Courageous Priest |
Breaking News: A Catholic Church Without Babies
The Synod of Silence is Deafening
Fr. Paul Nicholson
On Saturday evening I enjoyed a very
lovely dinner, with an equally lovely couple and their adorable eight
month old baby girl. I fretted interiorly during the late night dinner,
thinking that the little baby would be sorely tried by the late hour.
Instead, the baby amused us in ways only a baby can. The upscale
restaurant hosted a variety of people of various age groups, but we were
the ones in the restaurant with a baby. Couple after couple would come
to our table cooing over the baby. Heavily made up women, satin suited
men, all made baby talk and baby faces to amuse the little infant,
giggling and laughing in Italian at her innocent reactions.

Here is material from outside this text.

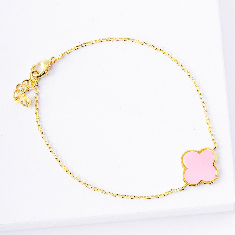 Gold Dipped Mother of Pearl Quatrefoil Charm Bracelet
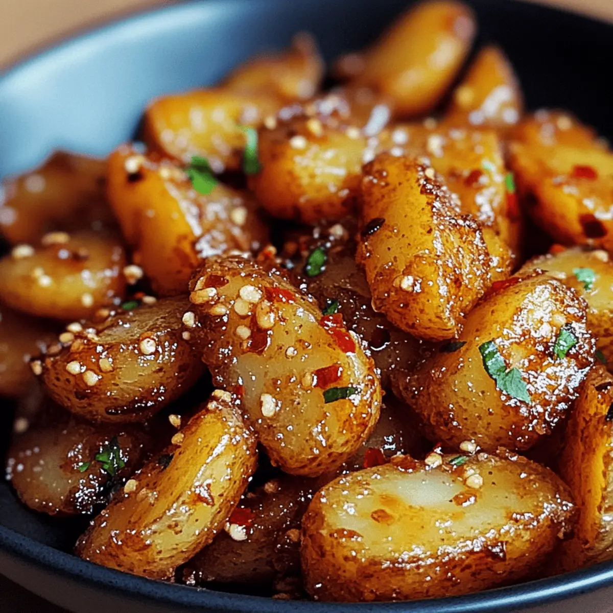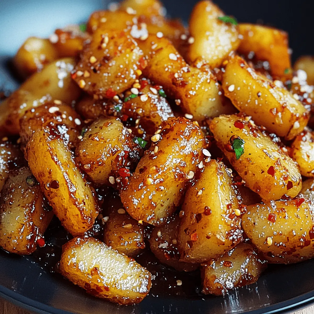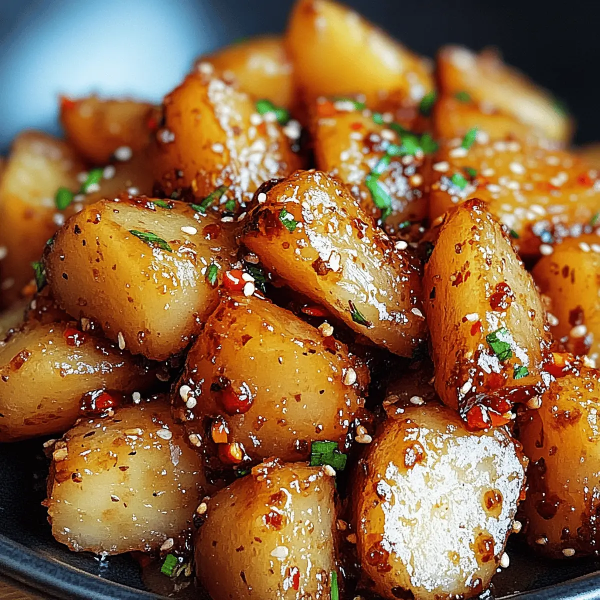Es war ein jener Abend, an dem ich nach einem langen Tag sehnsüchtig auf etwas Knuspriges und zugleich Süßes wartete. Als ich die Idee für Knusprige Honig-Chili-Kartoffeln hatte, war mir sofort klar: Das wird ein Hit! Diese Kartoffeln sind außen herrlich knusprig und innen schön zart, verfeinert mit einer unwiderstehlichen Mischung aus Honig und Chili. Ein raffiniertes Zusammenspiel von Süße und Schärfe, das nicht nur meine Gaumenfreuden weckt, sondern auch als perfekter Snack oder Beilage fungiert. Und das Beste? Die Zubereitung dieser Köstlichkeit ist kinderleicht und super schnell – ideal für jeden, der von Fast Food genug hat. Denkt ihr nicht auch, dass sich die ersten Bissen in geselligem Kreis einfach besser anfühlen? Warum sind Knusprige Honig-Chili-Kartoffeln ein Hit? Unwiderstehliche Kombination: Die perfekte Symbiose aus süß und scharf macht dieses Gericht zum idealen Snack oder zur Beilage. Einfach zuzubereiten: Selbst Küchenneulinge können hier punkten – dieser Genuss ist schnell gezaubert! Vielseitig einsetzbar: Ob zu einem Grillabend oder als Tapas, diese Kartoffeln passen einfach immer. Beeindruckende Optik: Das goldene, knusprige Finish zieht alle Blicke auf sich und sorgt für Gespräche am Tisch. Zum krönenden Abschluss passt dazu ein erfrischender Dip oder ein knackiger Salat wie unser Knuspriger Caesar Salat. Knusprige Honig-Chili-Kartoffeln Zutaten Für die Kartoffeln Kartoffeln – Sorgt für die perfekte Basis; wähle eine stärkehaltige Sorte wie Yukon Gold für die beste Knusprigkeit. Olivenöl – Hilft, eine goldene, knusprige Textur beim Rösten zu erreichen; kann bei Bedarf durch Pflanzenöl ersetzt werden. Salz – Wichtig für die Geschmacksverstärkung; verwende Meersalz oder koscheres Salz für eine gute Textur. Für die Marinade Honig – Fügt die süße Note hinzu, die die Schärfe des Chilis balanciert; Agavendicksaft ist eine köstliche vegane Alternative. Chili (Pulver oder Flocken) – Sorgt für die gewünschte Schärfe und Tiefe im Geschmack; passe die Menge deinem persönlichen Schärfeempfinden an. Die Knusprigen Honig-Chili-Kartoffeln sind mit ihren süßen und scharfen Aromen einfach unwiderstehlich! Schritt-für-Schritt-Anleitung für Knusprige Honig-Chili-Kartoffeln Schritt 1: Kartoffeln vorbereiten Wasche die Kartoffeln gründlich und schäle sie nach Belieben. Schneide die Kartoffeln in gleichmäßige, bite-sized Stücke, damit sie gleichmäßig garen. Lege die geschnittenen Kartoffeln in eine große Schüssel und stelle sicher, dass du genügend Platz hast, um später die Marinade gut zu vermischen. Schritt 2: Marinade anrühren In einer separaten Schüssel mische den Honig, das Chili-Pulver oder die Flakes und das Olivenöl. Rühre die Mischung gut um, bis sich alle Zutaten komplett miteinander verbunden haben. Die Marinade sollte eine homogene und leicht zähflüssige Konsistenz aufweisen, die bald den Kartoffeln einen köstlichen Geschmack verleiht. Schritt 3: Kartoffeln marinieren Gib die vorbereiteten Kartoffelstücke in die Schüssel mit der Marinade. Verwende einen Kochlöffel oder deine Hände, um die Kartoffeln gründlich mit der süß-scharfen Mischung zu bedecken. Achte darauf, dass jede Kartoffel gleichmäßig beschichtet ist, damit der Geschmack der Knusprigen Honig-Chili-Kartoffeln überall intensiv ist. Schritt 4: Rösten der Kartoffeln Heize deinen Ofen auf 200 °C vor. Verteile die marinierten Kartoffeln gleichmäßig auf einem mit Backpapier ausgelegten Backblech. Stelle sicher, dass die Kartoffeln nicht übereinanderliegen, damit sie schön knusprig werden. Röste die Kartoffeln für 30-35 Minuten im Ofen, bis sie goldbraun und knusprig sind; schüttle das Blech nach der Hälfte der Zeit vorsichtig, um ein gleichmäßiges Garen zu gewährleisten. Schritt 5: Servieren der Kartoffeln Nimm die Knusprigen Honig-Chili-Kartoffeln aus dem Ofen und lasse sie für ein paar Minuten abkühlen, bevor du sie servierst. Diese leckeren Kartoffeln sind perfekt, um sie warm und frisch anzubieten, vielleicht begleitet von einem erfrischenden Dip oder einem knackigen Salat für den perfekten Genuss! Zeit sparen mit Knusprigen Honig-Chili-Kartoffeln Die Knusprigen Honig-Chili-Kartoffeln sind ideal für die Vorbereitung im Voraus! Du kannst die Kartoffeln bis zu 24 Stunden vorher waschen, schälen und in Stücke schneiden; das hilft, Zeit am Kochabend zu sparen. Zudem kannst du die Marinade aus Honig, Chili und Olivenöl ebenfalls bis zu 3 Tage im Voraus zubereiten und im Kühlschrank aufbewahren – dies intensiviert die Aromen. Wenn du bereit bist zu servieren, mische einfach die marinierten Kartoffeln und röste sie etwa 30-35 Minuten in einem vorgeheizten Ofen bei 200 °C. Achte darauf, die Kartoffeln gleichmäßig zu verteilen, um sicherzustellen, dass sie gleichmäßig knusprig und köstlich bleiben! Was passt zu Knusprigen Honig-Chili-Kartoffeln? Die perfekte Kombination von süß und scharf verlangt nach der idealen Ergänzung für ein rundum gelungenes Gericht. Cremiger Dip: Ein Joghurt-Dip mit frischen Kräutern harmoniert wunderbar mit der Schärfe der Kartoffeln und sorgt für eine erfrischende Note. Knackiger Salat: Serviere einen knackigen Caesar-Salat als Beilage. Die frischen Aromen und der knusprige Crouton-Kick ergänzen die Kartoffeln perfekt. Gegrilltes Gemüse: Bunter, gegrillter Gemüse-Mix (Zucchini, Paprika) bietet einen satten Kontrast und erfrischende Aromen zu den erstklassigen Kartoffeln. Limonenwasser: Ein spritziges Limonenwasser ist der ideale Durstlöscher, der die süß-scharfen Geschmäcker der Knusprigen Honig-Chili-Kartoffeln ausbalanciert. Schokoladen-Mousse: Als süßer Abschluss sind kleine Portionen Schokoladen-Mousse ein himmlischer Genuss, der den süßen Aspekt der Kartoffeln wunderbar ergänzt. Knusprige Honig-Chili-Kartoffeln: Variationen und substitutionsmöglichkeiten Lass deiner Kreativität freien Lauf und passe die Knusprigen Honig-Chili-Kartoffeln nach deinem Geschmack

I’d heard anecdotally how Italians
are instinctively drawn to babies. I think it must be one of the
reasons why religious goods stores here in Rome always have a sizeable
inventory of images of the baby Jesus. Italians love babies. In days
gone by the Italian world was coloured by its love of babies. Today,
however, the love for the baby is something poetic. Italians, like
almost all European cultures, are having less and less babies. The
tragedy that befalls Europe is that its birthrate is well below
replacement level.
On Saturday evening I made my holy
hour in the church close to my apartment in the Prati section of Rome.

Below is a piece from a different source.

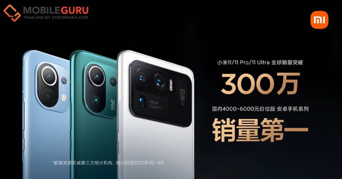 Xiaomi เปิดเผยตัวเลขยอดขายของ Mi 11 Series ที่ประกอบด้วย Xiaomi Mi 11 Ultra 5G, Mi 11 Pro และ Mi 11 ซึ่งทั้งสามรุ่นนับตั้งแต่เดือนมกราคมจนถึงเดือนเมษายน 2564 สามารถทำยอดขายรวมทั่วโลกได้มากกว่า 3 ล้านเครื่องทั่วโลกแล้ว โดยที่ตลาดสำคัญที่ทำให้เกิดตัวเลขนี้ได้สำเร็จคือ ตลาดประเทศจีน! ที่ Xiaomi กลับมาครองเจ้าตลาดแทน Huawei อีกครั้ง
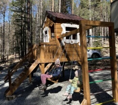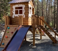 На территории есть небольшая детская площадка, висят гамаки, качели. Беседки, и местечко где можно собраться компанией за костром. Также есть баня на территории за доп плату.

The venerable church of Our Lady of the Rosary is a real jewel. My holy
hour coincided with the Sunday Mass of anticipation. Granted most
Saturday evening Masses are populated by an older crowd, but I was
shocked at just how old everybody was. In twenty years, not one single
person at that Mass will be alive.
Multiply the number out to places
you know and you will agree, I am not exaggerating. The demographic
winter is upon us. The white we see is not snow flakes, but the aging
of the Church to a point that in twenty years She will be unrecognizable
from Her present appearance.
Pope Francis surprised the Synod
Fathers on Saturday by giving a strong address on the emerging synodal
process. One has to carefully read the statement in its entirety.
There is nothing in it that suggests a revolution of decentralization.

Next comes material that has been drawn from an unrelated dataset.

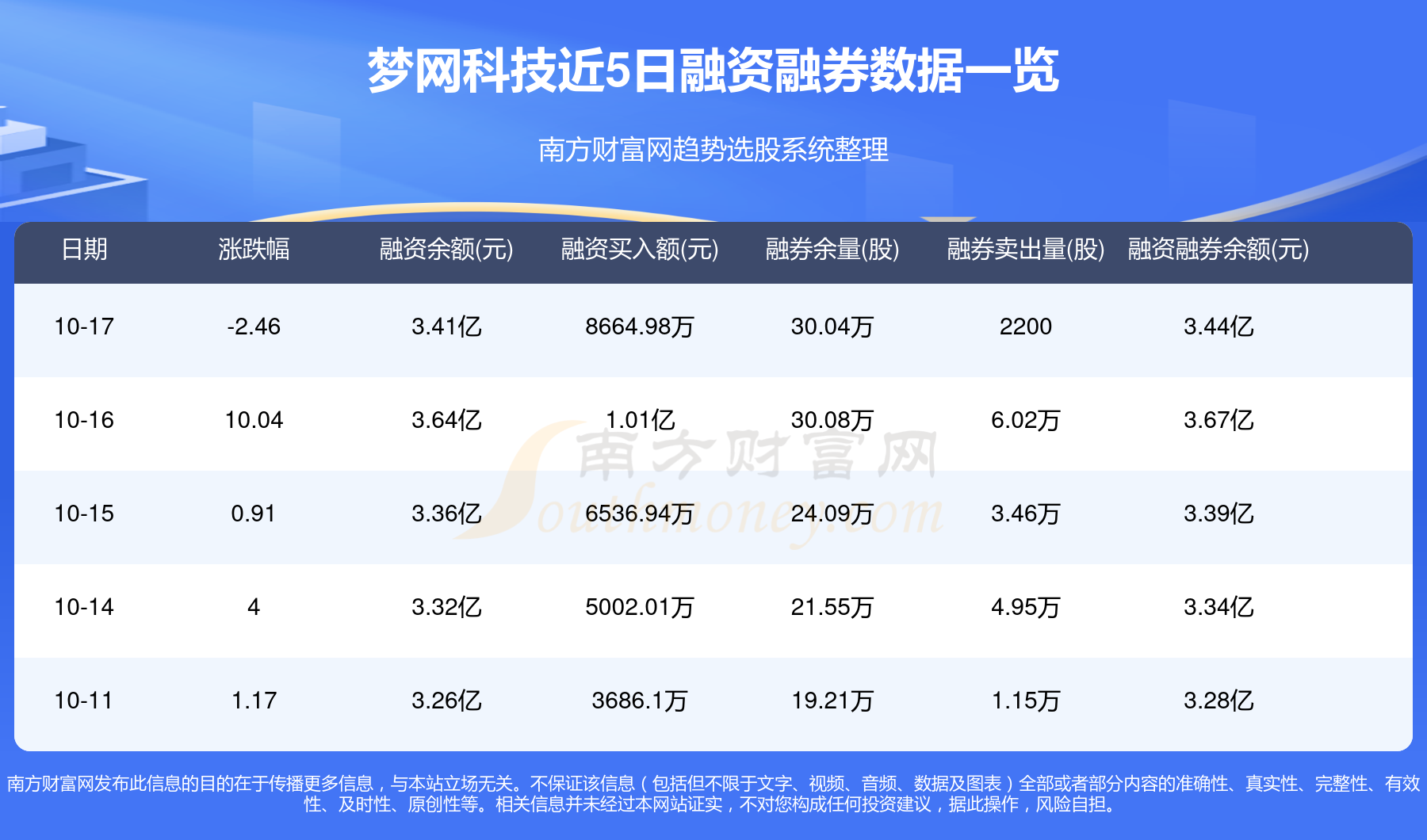 10月17日梦网科技融券信息显示,融资方面,当日融资买入8664.98万元,融资偿还1.1亿元,融资净买额-2295.34万元。融券方面,融券卖出2200股,融券偿还2600股,融券余量30.04万股,融券余额321.14万元。融资融券余额3.44亿元。近5日融资融券数据一览见下表:

Unfortunately, it is and was accompanied by calls from some cardinals
and some bishops the ‘decentralization of Church teaching’. Whatever
happens on this Saturday at the end of the Synod, there is a great
question that looms larger than the Synod, even larger than the populist
pontificate of Pope Francis — how can the Church survive when people do
not want to give life?
Because without babies, Europe has
no future. America has no future. Canada has no future. Australia and
New Zealand have no future. And the Church in the West will disappear.
That is the reality. And denying it seems to be the effort of public
relations.
The Holy Father acknowledged the
need for the Church to be a ‘listening Church’, knowing that listening
“is more than feeling.” But this listening Church will need hearing
aids in 10 years, if it doesn’t already. The spring has passed and
winter envelops us because of the cataclysm of contraception. We need
only listen to the lack of crying babies to know that we are headed to
extinction in the West.
Listen to the silence of churches. That is the synod of silence … and it is deafening.
That is why one can only grieve at
the words emanating from the press conference today where all the
enthusiasm was around how to change the wording of ‘intrinsically
disordered’ or ‘indissolubility’. How utterly deaf we have become,
that we should find these topics of greater concern, of more theological
import than the sterility of the nations.
I don’t mean to be cheeky in poking
fun at the inconsequential presentations of some. I only tell it to you
to assure you that there is more to this story than what is being said,
and not said, in the press office.
There is a silent synod going on, a stumbling together of old Western ideas. If you listen closely enough, you will hear it.